**What you are asked to do:** Set down each line of the material that follows exactly, and leave its pictures out.

**Given material:**
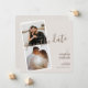 Estas tarjetas minimalistas de invitación de compromiso de 2 tiras fotográficas son la manera perfecta de presentar la fecha de su boda a sus amigos y familiares. Las tarjetas incluyen una tira de tus fotos favoritas y en un tipo de letra de guión "guardar la fecha" y los detalles de la plantilla del próximo boda. Los estilos de fuente, colores, tamaños y color de fondo se pueden cambiar haciendo clic en el enlace posterior del personalizar después de la personalización.
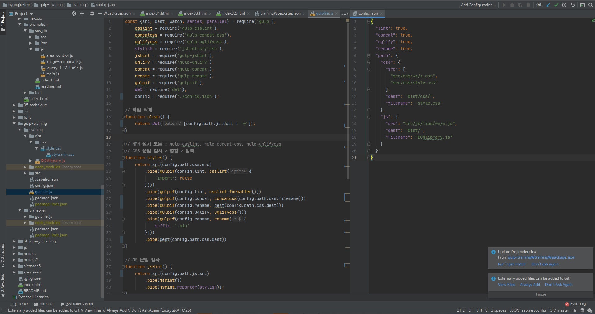 사용자 정의 환경 설정(Configuration)을 gulpfile.js에서 분리하여 별도로 관리하는 방법을 알아봅니다.
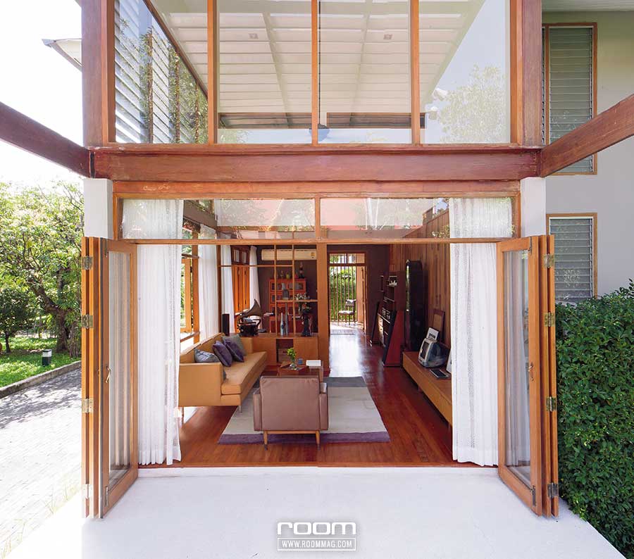 ออกแบบพื้นที่ใช้สอยภายในบ้านมีการปรับเปลี่ยนบางส่วนเพื่อให้สอดคล้องกับวิถีชีวิตของครอบครัวสมัยใหม่ ไม่ว่าจะเป็นการต่อเติมพื้นที่รับแขกกับส่วนนั่งเล่นให้ใหญ่ขึ้น รวมถึงเพิ่มดับเบิ้ลสเปซโดยรื้อห้องพระบริเวณชั้น 2 ออก ออกแบบห้องรับประทานอาหารเข้ามา ไว้ในตัวบ้าน ควบคู่ไปกับการต่อเติมและเพิ่มพื้นที่ระเบียง บริเวณช้ันล่างเพื่อเปิดรับธรรมชาติรอบบ้าน ชวนให้ออกมานั่งเล่นชมสวนตามมุมต่างๆ ทําเป็นดับเบิ้ลวอลุ่ม ช่วยให้ส่วนนั่งเล่นโปร่งโล่งกว่ามุมไหนๆ ด้านล่างเลือกใช้ประตูไม้บานเฟี้ยมสไตล์เดียวกับของเดิมของบ้าน ส่วนผนังด้านบนออกแบบเป็นช่องหน้าต่างไม้กรุกระจกใส รับแสงธรรมชาติได้ตลอดทั้งวัน

**Exercise output:**
 Estas tarjetas minimalistas de invitación de compromiso de 2 tiras fotográficas son la manera perfecta de presentar la fecha de su boda a sus amigos y familiares. Las tarjetas incluyen una tira de tus fotos favoritas y en un tipo de letra de guión "guardar la fecha" y los detalles de la plantilla del próximo boda. Los estilos de fuente, colores, tamaños y color de fondo se pueden cambiar haciendo clic en el enlace posterior del personalizar después de la personalización.
 사용자 정의 환경 설정(Configuration)을 gulpfile.js에서 분리하여 별도로 관리하는 방법을 알아봅니다.
 ออกแบบพื้นที่ใช้สอยภายในบ้านมีการปรับเปลี่ยนบางส่วนเพื่อให้สอดคล้องกับวิถีชีวิตของครอบครัวสมัยใหม่ ไม่ว่าจะเป็นการต่อเติมพื้นที่รับแขกกับส่วนนั่งเล่นให้ใหญ่ขึ้น รวมถึงเพิ่มดับเบิ้ลสเปซโดยรื้อห้องพระบริเวณชั้น 2 ออก ออกแบบห้องรับประทานอาหารเข้ามา ไว้ในตัวบ้าน ควบคู่ไปกับการต่อเติมและเพิ่มพื้นที่ระเบียง บริเวณช้ันล่างเพื่อเปิดรับธรรมชาติรอบบ้าน ชวนให้ออกมานั่งเล่นชมสวนตามมุมต่างๆ ทําเป็นดับเบิ้ลวอลุ่ม ช่วยให้ส่วนนั่งเล่นโปร่งโล่งกว่ามุมไหนๆ ด้านล่างเลือกใช้ประตูไม้บานเฟี้ยมสไตล์เดียวกับของเดิมของบ้าน ส่วนผนังด้านบนออกแบบเป็นช่องหน้าต่างไม้กรุกระจกใส รับแสงธรรมชาติได้ตลอดทั้งวัน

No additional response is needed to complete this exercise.